A DMA engine can generate addresses and initiate memory read or write cycles. Typically, a DMA engine contains several registers that can be written and read by a system processor, including, for example, a memory address register, a byte count register, and one or more control registers. The control registers may specify the I/O port to use, the direction of the transfer (reading from the I/O device or writing to the I/O device), the transfer unit (byte at a time or word at a time), and the number of bytes to transfer in one burst.

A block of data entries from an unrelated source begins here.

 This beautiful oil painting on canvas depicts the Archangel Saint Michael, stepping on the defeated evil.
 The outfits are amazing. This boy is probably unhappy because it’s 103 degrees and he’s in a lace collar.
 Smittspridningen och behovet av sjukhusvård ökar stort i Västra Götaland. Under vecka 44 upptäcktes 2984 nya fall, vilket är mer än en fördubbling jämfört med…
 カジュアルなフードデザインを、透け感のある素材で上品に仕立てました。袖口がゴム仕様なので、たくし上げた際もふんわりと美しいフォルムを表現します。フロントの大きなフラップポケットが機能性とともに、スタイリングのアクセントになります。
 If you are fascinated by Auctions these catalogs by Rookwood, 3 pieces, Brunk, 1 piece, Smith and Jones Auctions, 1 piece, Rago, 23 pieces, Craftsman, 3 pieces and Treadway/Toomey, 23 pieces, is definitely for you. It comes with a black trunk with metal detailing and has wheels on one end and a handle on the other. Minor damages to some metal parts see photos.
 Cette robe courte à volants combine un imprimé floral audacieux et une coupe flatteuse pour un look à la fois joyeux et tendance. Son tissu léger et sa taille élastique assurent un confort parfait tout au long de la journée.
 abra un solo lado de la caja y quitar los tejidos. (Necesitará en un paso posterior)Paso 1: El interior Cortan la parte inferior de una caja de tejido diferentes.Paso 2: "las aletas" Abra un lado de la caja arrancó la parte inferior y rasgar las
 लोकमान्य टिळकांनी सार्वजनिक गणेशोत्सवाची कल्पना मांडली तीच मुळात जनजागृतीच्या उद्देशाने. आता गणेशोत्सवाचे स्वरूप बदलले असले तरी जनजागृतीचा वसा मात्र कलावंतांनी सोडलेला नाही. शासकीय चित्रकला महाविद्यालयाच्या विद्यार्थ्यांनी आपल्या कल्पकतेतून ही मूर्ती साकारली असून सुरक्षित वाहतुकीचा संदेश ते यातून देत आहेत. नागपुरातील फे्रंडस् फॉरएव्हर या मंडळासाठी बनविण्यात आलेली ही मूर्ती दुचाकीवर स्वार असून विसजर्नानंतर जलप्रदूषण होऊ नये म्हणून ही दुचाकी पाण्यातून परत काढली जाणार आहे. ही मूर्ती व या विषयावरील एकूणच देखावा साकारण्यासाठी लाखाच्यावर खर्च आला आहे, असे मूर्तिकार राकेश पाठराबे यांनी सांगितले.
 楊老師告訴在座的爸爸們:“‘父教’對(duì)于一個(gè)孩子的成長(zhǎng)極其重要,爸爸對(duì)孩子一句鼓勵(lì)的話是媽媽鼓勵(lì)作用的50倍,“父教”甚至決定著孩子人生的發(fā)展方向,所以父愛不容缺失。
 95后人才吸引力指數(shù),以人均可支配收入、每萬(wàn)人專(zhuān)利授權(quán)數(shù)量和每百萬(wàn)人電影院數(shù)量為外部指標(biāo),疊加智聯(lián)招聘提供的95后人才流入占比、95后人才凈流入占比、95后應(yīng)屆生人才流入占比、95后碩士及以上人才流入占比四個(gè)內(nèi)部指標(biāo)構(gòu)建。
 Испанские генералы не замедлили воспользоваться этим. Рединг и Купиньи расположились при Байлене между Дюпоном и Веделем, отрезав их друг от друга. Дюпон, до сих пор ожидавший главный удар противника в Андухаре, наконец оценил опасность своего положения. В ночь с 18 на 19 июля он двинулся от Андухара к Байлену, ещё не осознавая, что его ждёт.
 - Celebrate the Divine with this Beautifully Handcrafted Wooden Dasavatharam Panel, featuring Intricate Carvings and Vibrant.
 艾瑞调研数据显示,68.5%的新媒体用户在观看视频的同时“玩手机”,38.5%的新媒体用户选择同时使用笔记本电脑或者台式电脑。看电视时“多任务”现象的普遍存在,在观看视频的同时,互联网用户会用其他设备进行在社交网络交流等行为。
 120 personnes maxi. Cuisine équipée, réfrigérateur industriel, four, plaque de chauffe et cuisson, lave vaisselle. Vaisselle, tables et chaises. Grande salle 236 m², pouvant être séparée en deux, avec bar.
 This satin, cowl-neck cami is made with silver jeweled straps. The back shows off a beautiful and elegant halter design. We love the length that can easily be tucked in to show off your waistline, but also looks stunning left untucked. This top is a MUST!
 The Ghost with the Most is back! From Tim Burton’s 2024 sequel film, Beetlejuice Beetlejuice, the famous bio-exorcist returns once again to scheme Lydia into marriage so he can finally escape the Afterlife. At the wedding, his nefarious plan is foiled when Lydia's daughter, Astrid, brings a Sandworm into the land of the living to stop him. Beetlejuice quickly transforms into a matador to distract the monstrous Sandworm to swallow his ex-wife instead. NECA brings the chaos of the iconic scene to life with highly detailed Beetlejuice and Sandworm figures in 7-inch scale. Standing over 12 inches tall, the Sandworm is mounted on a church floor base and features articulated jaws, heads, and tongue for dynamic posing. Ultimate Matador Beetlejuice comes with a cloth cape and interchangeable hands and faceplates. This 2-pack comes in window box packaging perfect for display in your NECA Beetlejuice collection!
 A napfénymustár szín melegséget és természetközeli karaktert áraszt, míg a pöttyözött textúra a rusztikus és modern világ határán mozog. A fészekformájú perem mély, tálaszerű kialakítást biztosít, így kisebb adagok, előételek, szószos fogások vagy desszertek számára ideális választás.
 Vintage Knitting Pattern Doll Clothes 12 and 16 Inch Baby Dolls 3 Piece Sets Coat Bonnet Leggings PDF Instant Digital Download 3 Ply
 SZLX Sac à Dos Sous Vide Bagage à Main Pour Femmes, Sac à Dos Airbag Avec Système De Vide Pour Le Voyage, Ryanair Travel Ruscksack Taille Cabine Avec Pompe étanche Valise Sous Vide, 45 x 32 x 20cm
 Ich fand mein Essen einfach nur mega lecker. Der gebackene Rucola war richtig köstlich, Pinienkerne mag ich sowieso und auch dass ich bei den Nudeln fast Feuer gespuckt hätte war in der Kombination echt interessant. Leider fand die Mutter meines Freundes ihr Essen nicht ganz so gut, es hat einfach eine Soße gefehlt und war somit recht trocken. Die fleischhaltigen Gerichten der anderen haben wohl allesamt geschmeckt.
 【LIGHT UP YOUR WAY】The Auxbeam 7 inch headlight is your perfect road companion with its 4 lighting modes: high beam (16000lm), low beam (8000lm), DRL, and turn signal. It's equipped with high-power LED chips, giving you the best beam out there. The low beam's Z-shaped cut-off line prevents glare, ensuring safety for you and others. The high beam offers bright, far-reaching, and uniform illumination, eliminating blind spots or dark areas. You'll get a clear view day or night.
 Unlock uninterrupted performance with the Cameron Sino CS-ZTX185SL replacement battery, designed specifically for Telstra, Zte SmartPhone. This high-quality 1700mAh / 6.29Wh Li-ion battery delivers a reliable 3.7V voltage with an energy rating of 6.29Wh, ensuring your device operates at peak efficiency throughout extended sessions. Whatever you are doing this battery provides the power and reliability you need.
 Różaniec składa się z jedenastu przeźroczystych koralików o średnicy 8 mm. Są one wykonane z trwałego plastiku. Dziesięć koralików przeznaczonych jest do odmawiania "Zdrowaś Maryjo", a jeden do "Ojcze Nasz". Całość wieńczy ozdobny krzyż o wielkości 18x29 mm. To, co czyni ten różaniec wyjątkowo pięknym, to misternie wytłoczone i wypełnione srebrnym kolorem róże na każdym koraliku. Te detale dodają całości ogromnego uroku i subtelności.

Sophisticated DMA engines often process data based on instructions in a list or work queue specific to the hardware subsystem that data is being received from or sent to. These instructions are referred to herein as “work queue elements,” “WQEs,” or “control instructions.” Each element in the work queue should provide at least a source location (e.g., in memory or a remote system) from which to fetch data, a target destination (e.g., in memory or a remote system) where the fetched data should be stored, and how much data to move from the source location to the target destination. In other embodiments, work queue elements may describe multiple addresses from which to pull and store data, and may translate scatter-gather lists to determine source and/or target locations.
In some instances, it can be desirable to have multiple work queue elements held in the DMA engine so that as soon as one completes, the next can start, thereby avoiding latency issues associated with fetching the next work queue element. A common way to do this is to have software “push” the work queue elements to the DMA engine and have the engine hold them internally (e.g., in an array). This approach requires communication from hardware to software on when the next work queue element should be pushed to hardware and may require substantial silicon area to store the work queue elements.
Alternatively, the DMA engine can prefetch the work queue elements. In this manner, the DMA engine can fetch the next work queue element while finishing up the previous work queue element, thereby avoiding the latency associated with fetching a work queue element after completing an operation, and negating the need for closely timed software-hardware interaction.
When the DMA engine is shared among many threads—unrelated streams of data to be processed, e.g., from different logical ports or partitions, processors, channels, queue pairs (in Infiniband/HEA terms), etc.—the DMA engine must balance the costs of switching between threads and maintaining a level of fairness in processing data from the threads. For example, there is often significant overhead associated with switching from one thread to another. A variety of context may be needed for each thread (e.g., head/tail pointers, translation entries, logical partition protection information, miscellaneous control information, etc.) and switching from one thread to another requires storing/updating the existing context and fetching new context for the new thread. As such, it is advantageous to remain on one thread for as long as possible (as long as there are work queue elements). However, a single thread cannot be processed to the exclusion of the other threads.
It is known to accomplish “fairness” between threads by switching from one thread to another once a certain number of bytes of data (a threshold value) has been moved for a current thread.